What you are asked to do
The lines to be extracted begin at the line containing "Consider an AutoBGP" and end at the last line of the data below; copy them exactly and leave out the pictures.

Source data
□ □ □ □ □
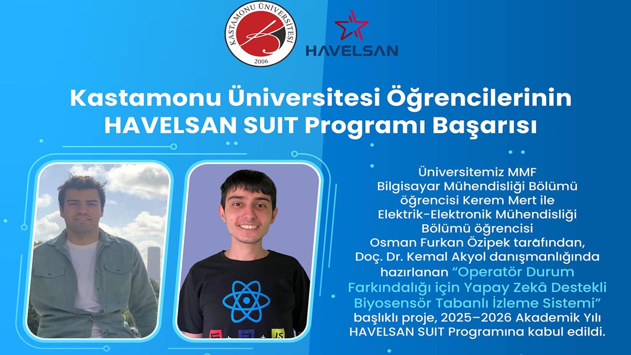 Kastamonu Üniversitesi Mühendislik ve Mimarlık Fakültesi Bilgisayar Mühendisliği Bölümü öğrencisi Kerem Mert ile Elektrik-Elektronik Mühendisliği Bölümü öğrencisi Osman Furkan Özipek tarafından, Doç. Dr. Kemal Akyol danışmanlığında hazırlanan "Operatör Durum Farkındalığı için Yapay Zeaâ Destekli Biyosensör Tabanlı İzleme Sistemi" başlıklı proje, 2025-2026 Akademik Yılı HAVELSAN SUIT programına kabul edildi.
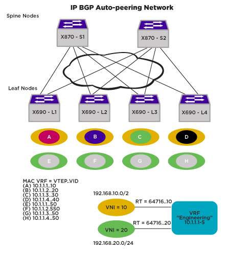 Consider an AutoBGP network that supports an “Engineering” VRF consisting of two subnetted VNIs for hosts A through H, and VRFs are created with VNI mappings, using policy or other means. A host is placed into a VLAN on an attachment port of a device which corresponds to a VNI. In order to support asymmetric routing, all virtual networks are created on all nodes even if are no local host IP/MACs are discovered. If there is no VLAN assigned to a VNI, one is chosen and assigned an internal tag. The VLAN is given a loopback designation. If a host is later discovered, that is associated with another VLAN with same the VNI, the new VLAN replaces it and will have no loopback designation. Here, A on L1 routes to H on L4 as A-H are on two different VNIs. There are no local hosts on VNI 20 on L1, in which case, the loopback designation for the internally chosen VLAN enables asymmetric routing to take place. L4 then bridges to H. Troubleshooting can be achieved by looking into the FDBs and ARP tables on each node.
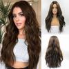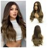 Μακριές καφέ Ombre συνθετικές περούκες για γυναίκες Φυσικά μαλλιά κυματιστές περούκες μεσαίου μέρους Γυναικεία περούκα Cosplay ανθεκτικές στη θερμότητα περούκες από ίνες
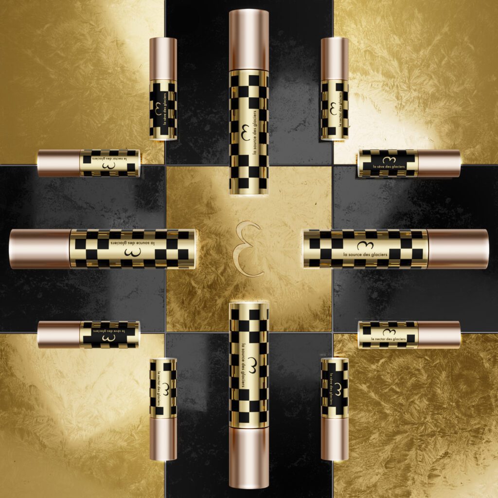 Côté soin, le triptyque La Sève, La Source et Le Nectar des Glaciers concentre 69 % d’actifs issus de l’Elixir des Glaciers : ADN d’esturgeon, plantes polyactives, trésors de la ruche, et une technologie de diffusion en micro-gouttes qui métamorphose la peau en quatre semaines. Inspirée de la chronobiologie, cette cure transforme l’épiderme au fil du jour et de la nuit — illumine le matin, lisse le soir, régénère la nuit — dans une gestuelle ultra-sensorielle.
□ □ □ □ □
Solution to the problem
 Consider an AutoBGP network that supports an “Engineering” VRF consisting of two subnetted VNIs for hosts A through H, and VRFs are created with VNI mappings, using policy or other means. A host is placed into a VLAN on an attachment port of a device which corresponds to a VNI. In order to support asymmetric routing, all virtual networks are created on all nodes even if are no local host IP/MACs are discovered. If there is no VLAN assigned to a VNI, one is chosen and assigned an internal tag. The VLAN is given a loopback designation. If a host is later discovered, that is associated with another VLAN with same the VNI, the new VLAN replaces it and will have no loopback designation. Here, A on L1 routes to H on L4 as A-H are on two different VNIs. There are no local hosts on VNI 20 on L1, in which case, the loopback designation for the internally chosen VLAN enables asymmetric routing to take place. L4 then bridges to H. Troubleshooting can be achieved by looking into the FDBs and ARP tables on each node.
 Μακριές καφέ Ombre συνθετικές περούκες για γυναίκες Φυσικά μαλλιά κυματιστές περούκες μεσαίου μέρους Γυναικεία περούκα Cosplay ανθεκτικές στη θερμότητα περούκες από ίνες
 Côté soin, le triptyque La Sève, La Source et Le Nectar des Glaciers concentre 69 % d’actifs issus de l’Elixir des Glaciers : ADN d’esturgeon, plantes polyactives, trésors de la ruche, et une technologie de diffusion en micro-gouttes qui métamorphose la peau en quatre semaines. Inspirée de la chronobiologie, cette cure transforme l’épiderme au fil du jour et de la nuit — illumine le matin, lisse le soir, régénère la nuit — dans une gestuelle ultra-sensorielle.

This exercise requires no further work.